Update Topic Datasets for Pageviews & Edits
Open, MediumPublic

Description

In T281922, our goal was to build prototypes of topic datasets to address some specific use cases for content data. Based on feedback and interest after Connie & Jennifer shared the dataset prototypes in the Product People Managers meeting, we want to continue updating the datasets for further exploration.

  • Update datasets monthly, as needed
  • Identify & document dependencies & process for updates
  • Decide on next steps for updates or automation

Event Timeline

kzimmerman updated the task description. (Show Details)
kzimmerman removed a project: Epic.
ldelench_wmf triaged this task as Medium priority.
ldelench_wmf moved this task from Triage to Current Quarter on the Product-Analytics board.

Documenting the process etc. from Research's side for updating the topic datasets:

  • Current update process (~1 hour my time; ~24 hours start-to-finish):
    • Jupyter Notebook (stat1007) that has a data pipeline for gathering all of the current pages and their outlinks (what the model uses for making predictions). That data (~8GB) is then exported to HDFS and moved to the stat machine for further processing. This takes just a few minutes of my time to update to the new snapshots and run, but requires ~1 hour to complete.
    • [Optional] Jupyter Notebook (stat1007) for splitting the data into training/val/test sets, gathering labels, and retraining the model. I do this less frequently (~ once per year) because the groundtruth data is pretty stable/extensive, the model architecture is pretty resilient to hyperparameter choices, and the underlying vocabulary doesn't shift that much so I don't find any large benefits to retraining more frequently. When retraining, this is again not much of my time but does take a few hours of compute to finish.
    • Jupyter Notebook (stat1007) that applies a trained model to the data to get predictions for all articles. Very little of my time but this is the slowest part -- maybe 6 hours to complete.
    • Jupyter Notebook (stat1007) that takes the model predictions and uploads them to Hive for ease of use. Pretty quick -- a few minutes of my time and maybe 20 minutes to complete.
  • Thoughts on automating:
    • I put a bunch of details about the model in this phab comment: T287527#7247069
    • I'd let ML Platform indicate what they think is best but hopefully the Jupyter Notebooks (or code within them) could be incorporated easily into their infrastructure at some point. See T287056 for more details.
    • Airflow for scheduling + papermill for running the notebooks might also be an option.
    • On top of having the data available on a regular schedule, there'd be some other changes that I think should be made:
      • Improved monitoring: throughout the process I have some basic descriptive statistics to make sure coverage hasn't shifted dramatically between runs and that results seem reasonable. In an automated pipeline, this should be incorporated more heavily (ensuring precison/recall remain high). Especially if the model is retrained more frequently, which wouldn't be a bad process.
      • Retrain model more consistently: to keep things simple, I generally only retrain the model about once a year. Presumably an automated pipeline would do this more frequently or at least on a regular cadence.
      • Better structure to data: I've just been creating a new table each time I do this with the snapshot in the tablename so it's clear where the data came from. Presumably it'd be much easier for end-users to have a static tablename that just is updated with new snapshots and retains the previous e.g., six snapshots akin to how many Hive tables function.

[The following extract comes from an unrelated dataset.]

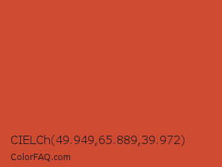 CIELCh 49.949,65.889,39.972 Color is a normal red color and the nearest color is Valencia #d84437. Hex code #ce4b31 and RGB value is rgb(206,75,49). In RGB color space, this color is composed of 81% red, 29% green, 19% blue, In CMYK color space, this color is composed of 0% cyan, 64% magenta, 76% yellow , 19% black , In HSL color space, this color has a hue angle of 10° , 62% saturation and 50% lightness.

Moving this to the backlog, as we have not been able to prioritize engineering work on the topic dataset.

@kzimmerman: Per emails from Sep18 and Oct20 and https://www.mediawiki.org/wiki/Bug_management/Assignee_cleanup , I am resetting the assignee of this task because there has not been progress lately (please correct me if I am wrong!). Resetting the assignee avoids the impression that somebody is already working on this task. It also allows others to potentially work towards fixing this task. Please claim this task again when you plan to work on it (via Add Action...Assign / Claim in the dropdown menu) - it would be welcome. Thanks for your understanding!